Work request:
Omitting any pictures, transcribe the entries below exactly.

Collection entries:
────────────────────

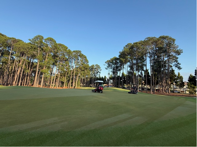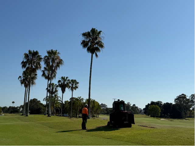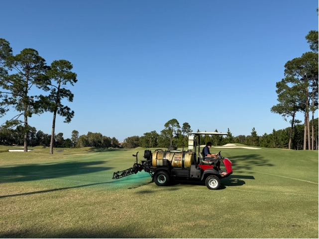 Spot sprayed selective herbicide on The Palms golf course greens to remove unwanted grass weeds
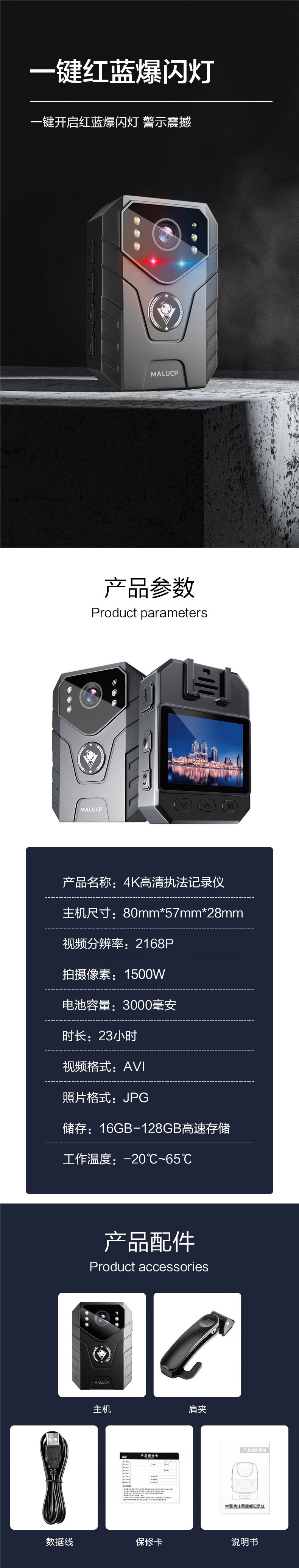 • [4K 울트라 클리어 WIFI] 법 집행 기록 장치 128G
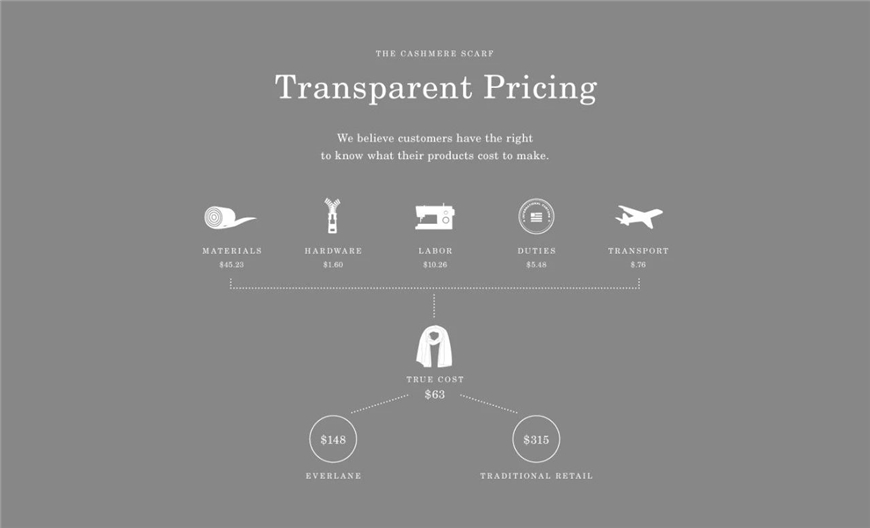 例如,Everlane在整個價值鏈相關的成本上是透明的,消費者可以自己決定要支付的總成本中的多少。
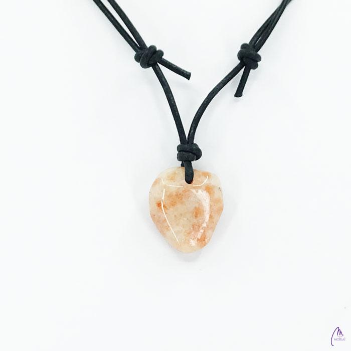Unikaten obesek kolekcije Versy iz Sočevega kamna na črnem usnjenem traku s prilagodljivo dolžino (poteg vozla gor oz. dol).
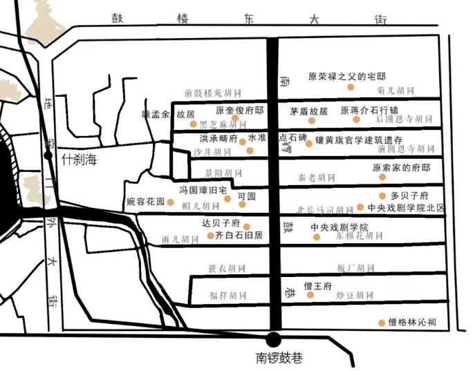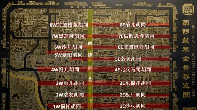 南锣鼓巷延续着元大都棋盘式的城市建筑格局,北起鼓楼大街、南至平安大街,全长780多米,东西各排列8条胡同,呈鱼骨状,俗称蜈蚣街。从南向北,西面的8条胡同是福祥胡同、蓑衣胡同、雨儿胡同、帽儿胡同、景阳胡同、沙井胡同、黑芝麻胡同、前鼓楼苑胡同、后鼓楼苑胡同、南下洼子胡同等;东边的8条胡同是炒豆胡同、板厂胡同、东棉花胡同、北兵马司胡同、秦老胡同、前圆恩寺胡同、后圆恩寺胡同、菊儿胡同。

────────────────────

Task answer:
 Spot sprayed selective herbicide on The Palms golf course greens to remove unwanted grass weeds
 • [4K 울트라 클리어 WIFI] 법 집행 기록 장치 128G
 例如,Everlane在整個價值鏈相關的成本上是透明的,消費者可以自己決定要支付的總成本中的多少。
Unikaten obesek kolekcije Versy iz Sočevega kamna na črnem usnjenem traku s prilagodljivo dolžino (poteg vozla gor oz. dol).
 南锣鼓巷延续着元大都棋盘式的城市建筑格局,北起鼓楼大街、南至平安大街,全长780多米,东西各排列8条胡同,呈鱼骨状,俗称蜈蚣街。从南向北,西面的8条胡同是福祥胡同、蓑衣胡同、雨儿胡同、帽儿胡同、景阳胡同、沙井胡同、黑芝麻胡同、前鼓楼苑胡同、后鼓楼苑胡同、南下洼子胡同等;东边的8条胡同是炒豆胡同、板厂胡同、东棉花胡同、北兵马司胡同、秦老胡同、前圆恩寺胡同、后圆恩寺胡同、菊儿胡同。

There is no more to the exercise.